Trata-se de uma decepção diferente agora. Não tenho ódio nem nada do tipo, só uma ânsia de choro. De um um choro ardido, doído, sufocante.
Não consegui despejar uma lágrima sequer, e isso têm acabado comigo. Fica aquilo preso na garganta, aquela sensação de alguém apertando torturantemente meu esôfago. Quase uma bomba relógio prestes a explodir. Qualquer hora pode ser a hora.

Me disseram que eu precisava lidar com isso, me acostumar com o fim e me apaixonar por alguém menos arrogante e cabeça dura. Mas quem é que tem coragem, ou mesmo habilidade, pra desacatar o que sente?

Tenho trabalhado tanto. Tenho dormido pouco e ando sem tempo pra praticamente nada.
Queria contar pra você como é lá, e de como as pessoas parecem gostar de mim. De como, apesar de tudo, tenho me sentido bem e dona do meu próprio nariz. Queria contar essas histórias pra você, queria poder pensar a respeito disso e não me entristecer.
É estranho. Estranho não te manter informado do meu dia a dia, ou até mesmo, não fazer algum comentário sobre o que faremos no ano novo.
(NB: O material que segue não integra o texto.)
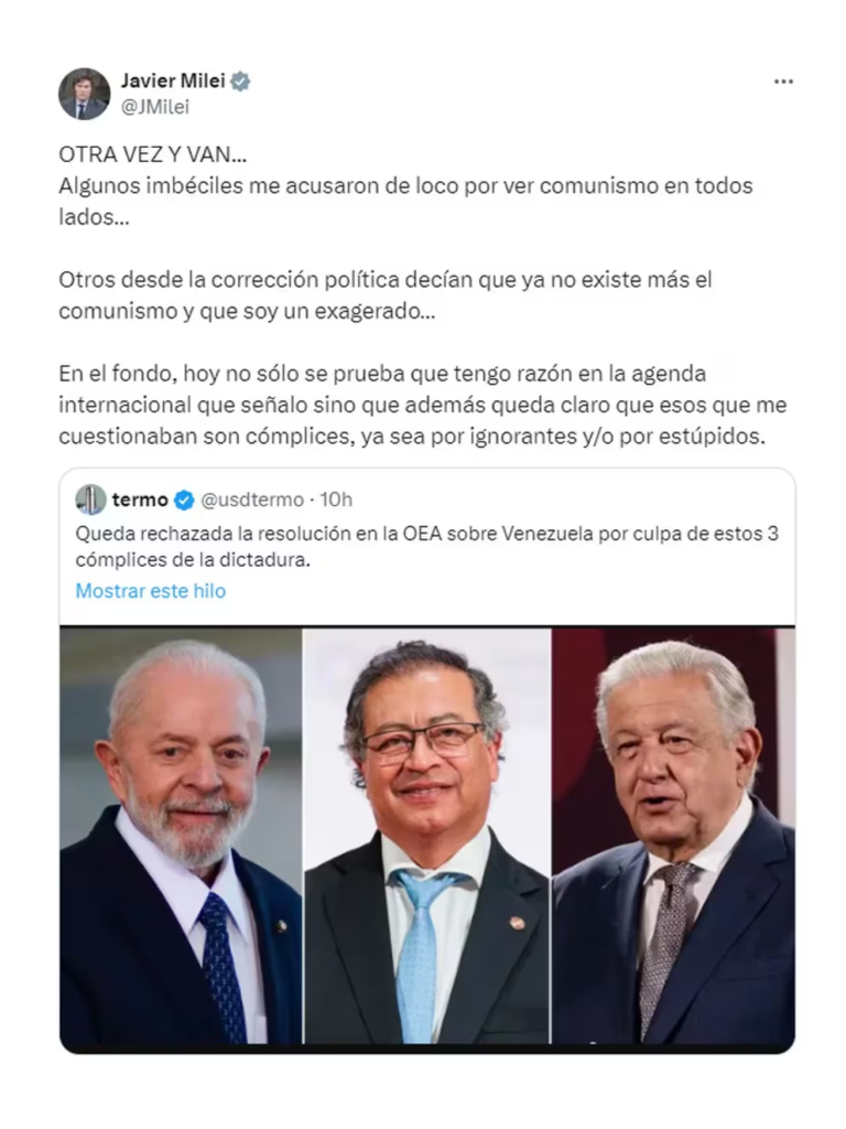 El presidente de Argentina Javier Milei se refirió a los presidentes Lula Da Silva (Brasil), Gustavo Petro (Colombia) y Andrés Manuel López Obrador (México) por la abstención de sus países a votar por la resolución de la Organización de Estados Americanos (OEA) que buscaba condenar el fraude electoral en Venezuela.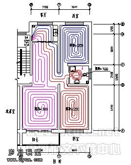 大家可以看出利用此款专业软件可以非常方便得画出地盘管图来。设计人员所需考虑的问题仅限于餐厅的管道布置,利用餐厅来调整三个环路的管长,其它各个房间完全由软件来生成。另外,此软件会在绘图区域中央给出“间距=250”字样,如果在施工说明中指出“所有管道距墙100mm,外圈管道弯曲半径250mm,中心管道弯曲半径150mm”,则不用再进行尺寸标注。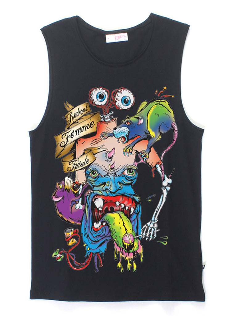 relaxed fit, long length womens sleeveless tank. raw edged binding on neckline and armholes. +. pip in left side seam and custom Federation ""i am mayhem"" print on front.

Deixa, um dia quando menos se espera, a gente supera. E enquanto isso a gente espera. Espera. Espera e torce pra que lá no fundo, perdido, soterrado e cansado, que a vida compense de alguma maneira.
E no momento é cuidar do que restou. Que cuidar do que resta é sempre o que se deve fazer.

segunda-feira, 12 de dezembro de 2011

50 receitas

'eu respiro tentando encher os pulmões de vida, mas ainda é difícil deixar qualquer luz entrar.
Ainda sinto por dentro toda dor dessa ferida, mas o pior é pensar que isso um dia vai cicatrizar.

Eu queria manter cada corte em carne viva, a minha dor em eterna exposição, e sair nos jornais e na televisão
só prá te enlouquecer até você me pedir perdão.
Eu já ouvi 50 receitas pra te esquecer,  que só me lembram que nada vai resolver. Porque tudo, tudo me traz você e eu já não tenho pra onde correr.
O que me dá raiva não é que você fez de errado, nem seus muitos defeitos, nem você ter me deixado. Nem seu jeito fútil de falar da vida alheia, nem o que eu não vivi aprisionado em sua teia.
O que me dá raiva são as flores e os dias de sol, são os seus beijos e o que eu tinha sonhado prá nós. São seus olhos e mãos e seu abraço protetor. É o que vai me faltar, o que fazer do meu amor?